What this task involves: Locate the line that contains "Jordgubbar i hinkar" in the entries below, then repeat it and every following line through the line that contains "清早期~金钱纹铜手炉 此手炉圆润饱满,线条流畅,盖子镂空钱", exactly, and no others.
[Data supplied]
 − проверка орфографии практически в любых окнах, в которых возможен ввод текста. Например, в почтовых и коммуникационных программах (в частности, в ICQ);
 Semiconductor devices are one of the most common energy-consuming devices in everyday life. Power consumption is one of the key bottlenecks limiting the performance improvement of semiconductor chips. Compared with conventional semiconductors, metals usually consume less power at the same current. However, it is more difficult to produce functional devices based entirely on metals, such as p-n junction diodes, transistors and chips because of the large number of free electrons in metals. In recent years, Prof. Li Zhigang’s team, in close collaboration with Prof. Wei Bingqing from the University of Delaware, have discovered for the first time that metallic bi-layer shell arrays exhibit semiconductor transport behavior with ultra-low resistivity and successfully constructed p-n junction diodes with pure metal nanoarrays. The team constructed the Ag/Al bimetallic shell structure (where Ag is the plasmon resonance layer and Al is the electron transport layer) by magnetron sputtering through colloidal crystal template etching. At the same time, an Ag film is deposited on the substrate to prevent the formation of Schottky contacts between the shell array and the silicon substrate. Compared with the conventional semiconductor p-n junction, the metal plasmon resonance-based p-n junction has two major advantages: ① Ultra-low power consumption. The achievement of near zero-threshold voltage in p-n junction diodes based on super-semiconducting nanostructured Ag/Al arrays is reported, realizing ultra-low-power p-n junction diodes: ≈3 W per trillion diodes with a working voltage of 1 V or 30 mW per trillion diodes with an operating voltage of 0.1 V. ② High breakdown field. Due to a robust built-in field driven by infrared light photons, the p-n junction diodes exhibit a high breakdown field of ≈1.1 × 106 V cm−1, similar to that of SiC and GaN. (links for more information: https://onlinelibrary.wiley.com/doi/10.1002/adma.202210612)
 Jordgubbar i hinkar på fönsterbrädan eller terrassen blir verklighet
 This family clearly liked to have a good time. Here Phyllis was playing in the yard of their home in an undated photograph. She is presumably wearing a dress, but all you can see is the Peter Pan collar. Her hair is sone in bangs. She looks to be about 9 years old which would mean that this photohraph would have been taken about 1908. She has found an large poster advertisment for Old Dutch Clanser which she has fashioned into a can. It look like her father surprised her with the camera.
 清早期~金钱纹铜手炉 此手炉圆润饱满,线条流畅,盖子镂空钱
[/Data supplied]
[Data supplied]
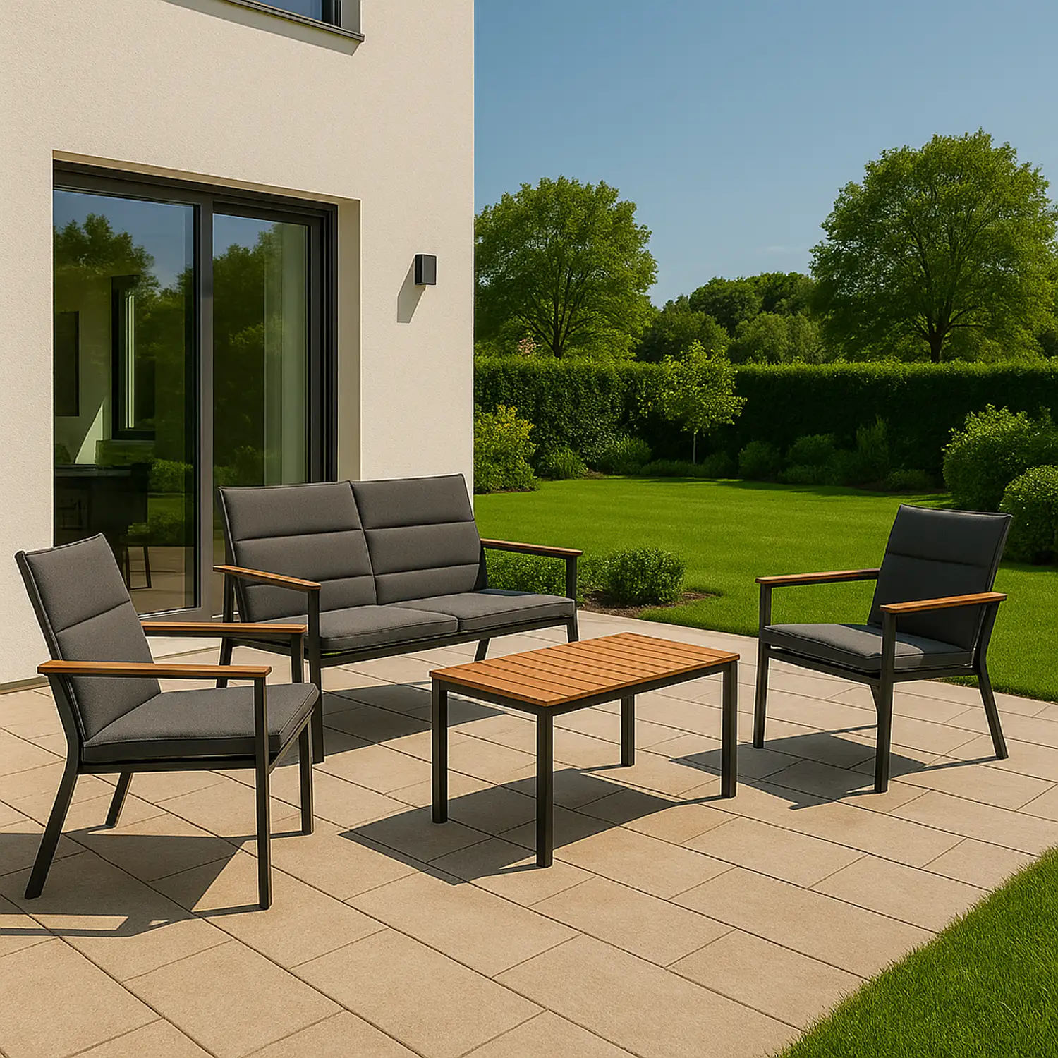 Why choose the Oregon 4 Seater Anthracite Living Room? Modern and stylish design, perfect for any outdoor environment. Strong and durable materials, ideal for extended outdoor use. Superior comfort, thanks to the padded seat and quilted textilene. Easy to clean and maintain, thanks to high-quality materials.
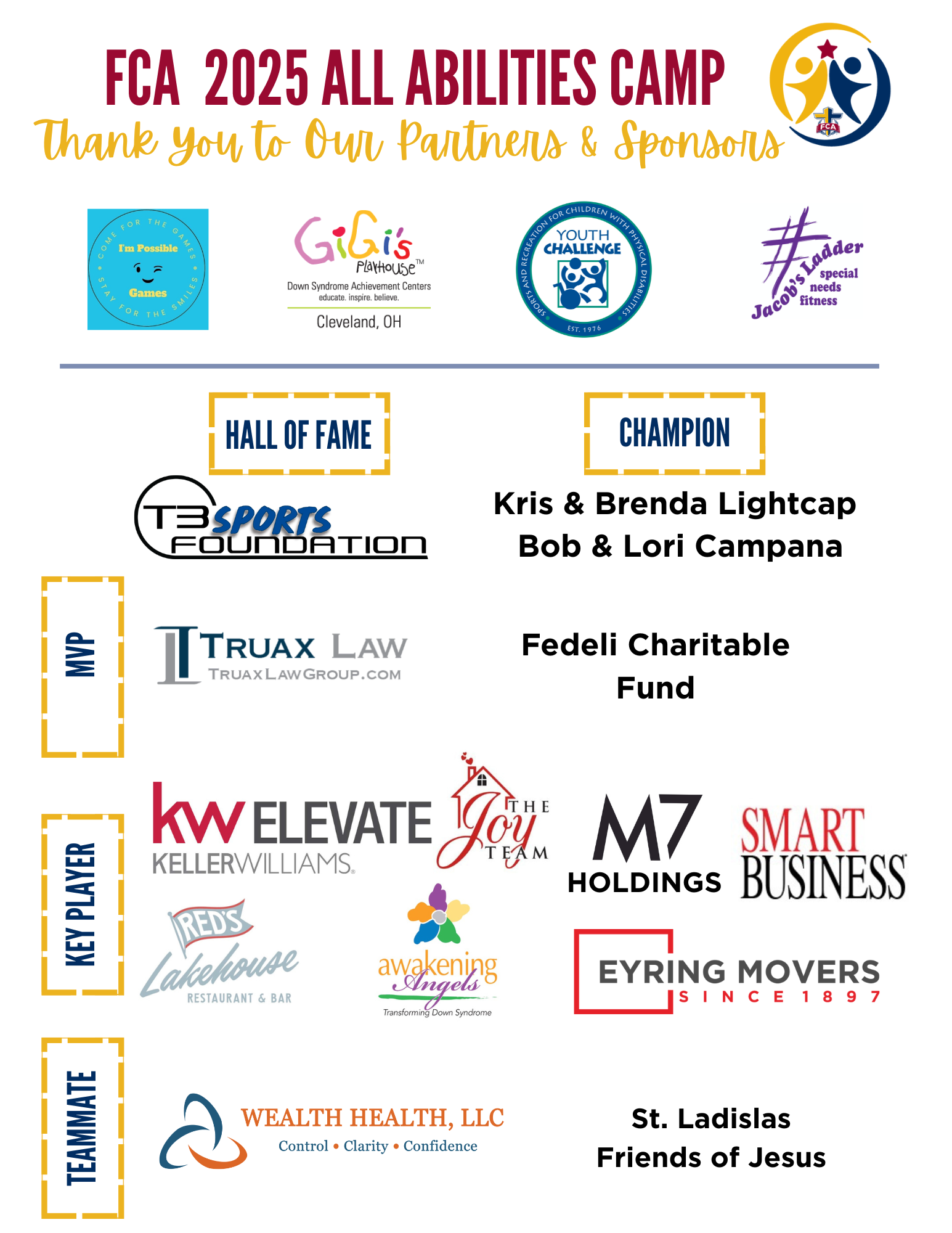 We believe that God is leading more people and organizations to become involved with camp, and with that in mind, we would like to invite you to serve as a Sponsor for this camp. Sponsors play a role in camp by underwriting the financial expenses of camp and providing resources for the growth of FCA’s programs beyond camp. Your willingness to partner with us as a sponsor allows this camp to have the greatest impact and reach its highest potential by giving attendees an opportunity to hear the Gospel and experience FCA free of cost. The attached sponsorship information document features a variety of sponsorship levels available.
[/Data supplied]
Answer space:
 Jordgubbar i hinkar på fönsterbrädan eller terrassen blir verklighet
 This family clearly liked to have a good time. Here Phyllis was playing in the yard of their home in an undated photograph. She is presumably wearing a dress, but all you can see is the Peter Pan collar. Her hair is sone in bangs. She looks to be about 9 years old which would mean that this photohraph would have been taken about 1908. She has found an large poster advertisment for Old Dutch Clanser which she has fashioned into a can. It look like her father surprised her with the camera.
 清早期~金钱纹铜手炉 此手炉圆润饱满,线条流畅,盖子镂空钱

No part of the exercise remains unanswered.